Parameter Description Pre-adjusted value
ppm Allowed signal deviation in m/z dimension 25
peakwidth Range of peak elution times (in seconds) 20-50 s
snthresh Threshold signal to noise ratio 10
prefilter Peak definition: Number of data points (n) exceeding a certain intensity threshold (I) k=3, I=100
mzdiff Accepted closeness of two signals in m/z dimension -0.001
noise Intensity cut-off, values below are considered as instrument noise 0
mzCenterFun Function to calculate the m/z center of a chromatographic peak weighted Mean (wMean)
integrate Integration method for peak quantification: 1 - Mexican hat filtered data, 2 - real data 1
fitgauss Peak parameterisation using Gaussian distribution FALSE
scanrange Perform peak picking in a scan range interval numeric(0)

 

 

 

ppm: Allowed signal deviation in m/z dimension

This centWave parameter ppm specifies the tolerance in m/z values for defining a signal in m/z dimension. This parameter is closely related to the mass accuracy of the mass spectrometer, which is traditionally expressed in parts per million (ppm).

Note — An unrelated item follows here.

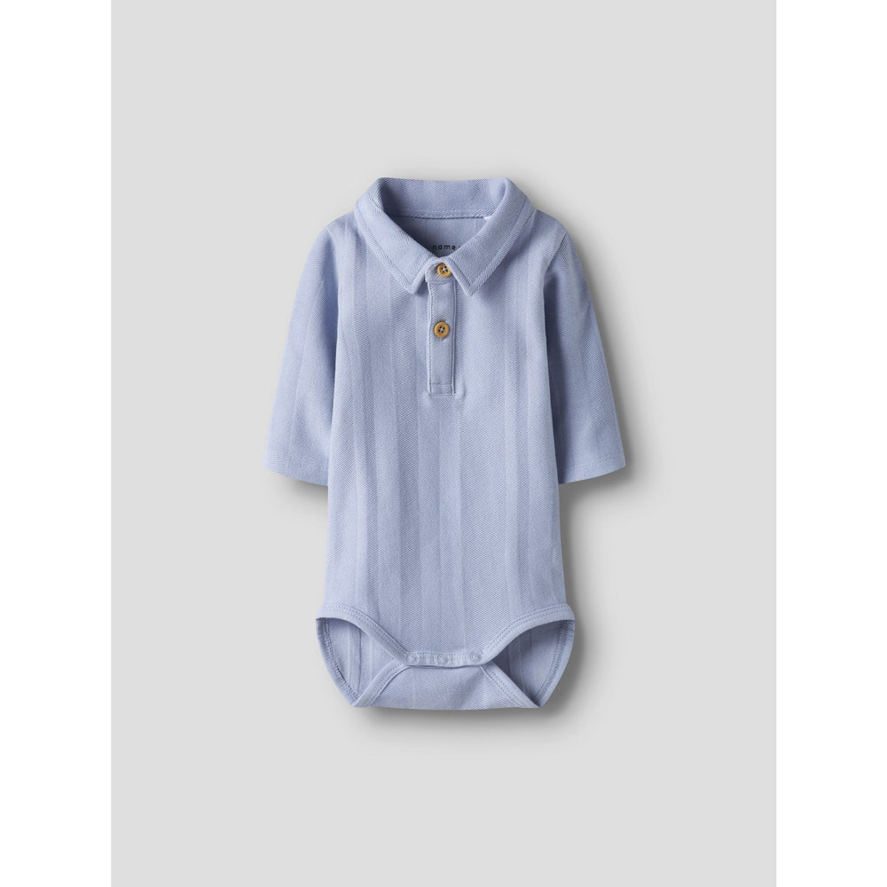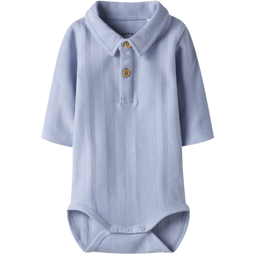 Uppdatera din lilla äventyrares klädarsenal med vår Name It Kentucky Blue Nbmrobo Polo Body. Denna charmiga bodysuit är tillverkad för att hålla hög komfort och vara praktisk genom alla årstider. Tillverkad i Jacquard med ett vävda mönster, erbjuder den en estetiskt tilltalande look och en känsla av elegans. Det pikéhalsade snittet tillsammans med långa ärmar och praktiska knappar fram underlättar påklädningen och ger en avslappnad stil. Dessutom är färgen och mönstret i Kentucky Blue både tidlös och lekfull, perfekt anpassad för ditt barns dagliga äventyr. Tänk på att bodysuiten ska förvaras åtskilt från eld för att undvika faror. Det här är en produkt som kombinerar stil, komfort och funktion på bästa möjliga sätt.

Higher ppm values allow more m/z value variablity and lead to detection of a higher number of features (potential peaks), increasing false positives. Lower values can lead to missing out of signals, since the measured mass values may deviate from the true mass more than expected (this is common).

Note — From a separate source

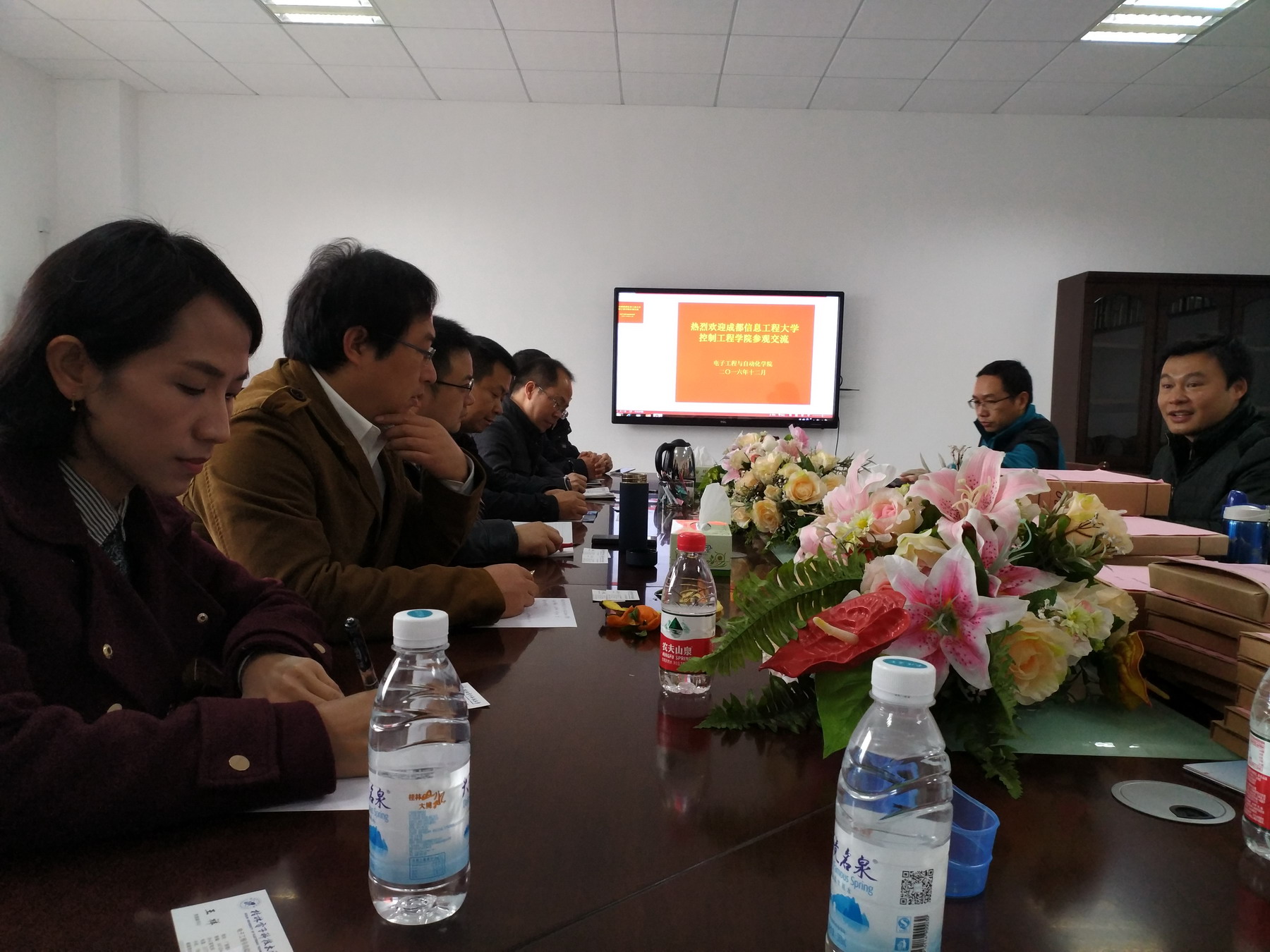 桂林电子科技大学电子工程与自动化学院王祥副书记、马峻副院长,各教研室和实验室主任与我院代表进行了座谈。马峻介绍学院基本情况和各专业负责教师。随后,蒋涛介绍随访教师代表,并介绍了九州登录以及控制工程学院的基本情况、学科专业和本科专业建设等,并对桂电电子工程与自动化学院的热情接待表示了感谢。

The illustration below shows a peak picking example using the same LC-MS data, where ppm parameter value was varied while all other centWave parameters were held constant.

 

 

 

mzdiff: Accepted closeness of two signals in m/z dimension

The mzdiff parameter specifies the allowed minimum distance of two co-eluting peaks in m/z dimension. An mzdiff value of 1 indicates that the m/z value of two signals with overlapping scan time (=retention time) be at least 1 m/z, in order for both signals to be included in the result peak list.

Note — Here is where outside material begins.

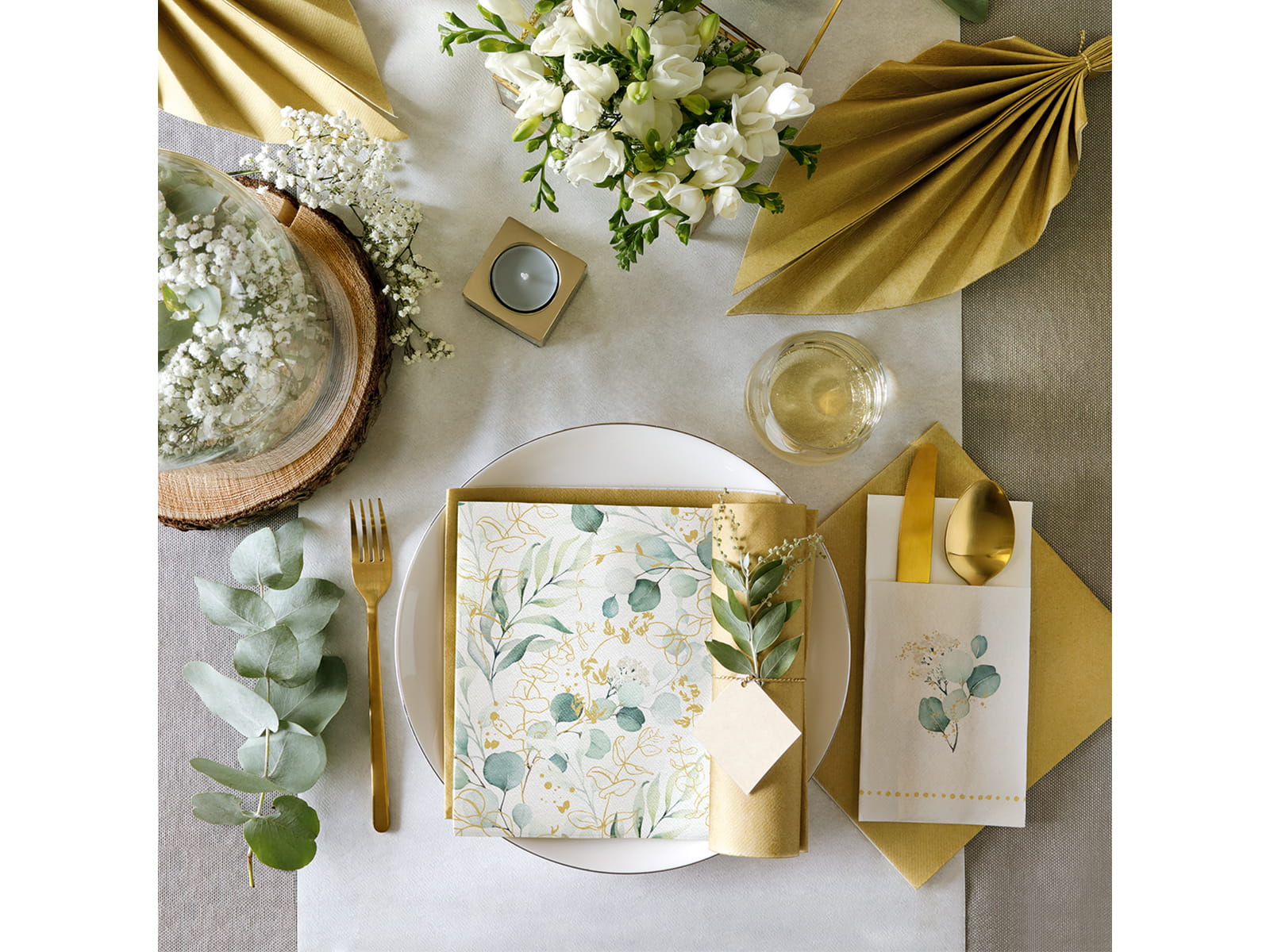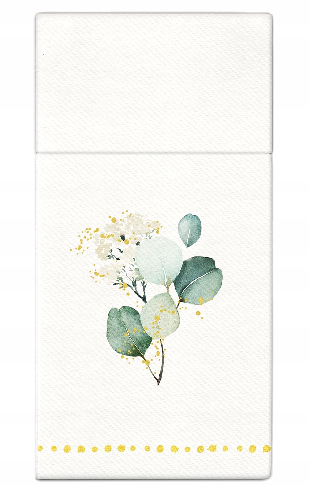 Białe kieszonki na sztućce z motywem eukaliptusa to elegancki i świeży akcent na stole. Delikatny wzór eukaliptusa w subtelnych odcieniach zieleni dodaje naturalnego uroku i wyrafinowania, idealnie komponując się z różnymi stylami dekoracji. Wprowadź do swojego stołu elegancję dzięki tym wyjątkowym serwetkom, które z pewnością zachwycą gości.

The centWave mzdiff parameter can also take negative values, indicating that the same data point can be allocated to two different peaks. Assigning negative mzdiff values has implications for further downstream processing steps, e.g., establishing correspondence of overlapping peaks across different samples. Higher mzdiff parameter values lead to detecting more features (potential signals), lower values reduce the number of features detected.

Below is an example using the same data processed with mzdiff values of 1 and 0.01.

 

 

 

noise: Intensity cut-off, values below are not considered

The ion detection in most mass spectrometers is accomplished with electron multipliers. These instruments are highly sensitive and produce electronic noise, which is visible as (usually) random data points below a certain intensity cut-off.

The noise structure of LC-MS spectra generated with mass specs of different types and from different vendors (incl. software updates) can be inherently different, with mz-value dependent noise intensities. Therefore, this parameter requires careful adjustment for each mass spectrometer setup. Lower values increase centWave computation time, higher values lead to missing out true ion signals.

 

 

 

snthresh: Threshold of signal to noise ratio

Closely related to the noise structure is the snthresh parameter, allowing to set a minimal signal to noise ratio (S/N) for peaks to be detected. snthresh builds on an S/N estimate that defines noise intensities locally in the scan time dimension:

This S/N definition can be problematic when the noise structure is not evenly distributed across the m/z dimension. The example below shows that higher intensity signals are discarded with higher snthresh values, most likely due to noisy and high intensity data points in proximity to the signal’s m/z trace. The final peak list using a high snthresh parameter value contains signals of low intensities, which is somewhat unexpected. UPDATE: THIS BEHAVIOUR IS ONLY OBSERVED WHEN CENTWAVE FUNCTION IS PARAMETERISED WITH THE SCANRANGE ARGUMENT (such as in MSbrowser).

 

 

 

peakwidth: Range of peak elution times

The peakwidth parameter specifies the minimum and maximum peak elution time in seconds. The optimal peakwidth parameter values are related to the number of performed scans on MS 1 level (this is an instrument setting set by the mass spectrometrist). Literature suggests a minimum number of six data points per peak in order to obtain reliable peak quantifications. Example: If a low intensity compound elutes over 1s, then the number of instrument scans should be at least 6 per second.

Setting the minimum (maximum) peakwidth argument to higher (lower) values reduces the overall number of detected peak as low (high) intensity ions with short (long) elution time are not detected. To find optimal peakwidth parameter values, it is useful to visually inspect elution times for high and low intensity ions in different spectral regions.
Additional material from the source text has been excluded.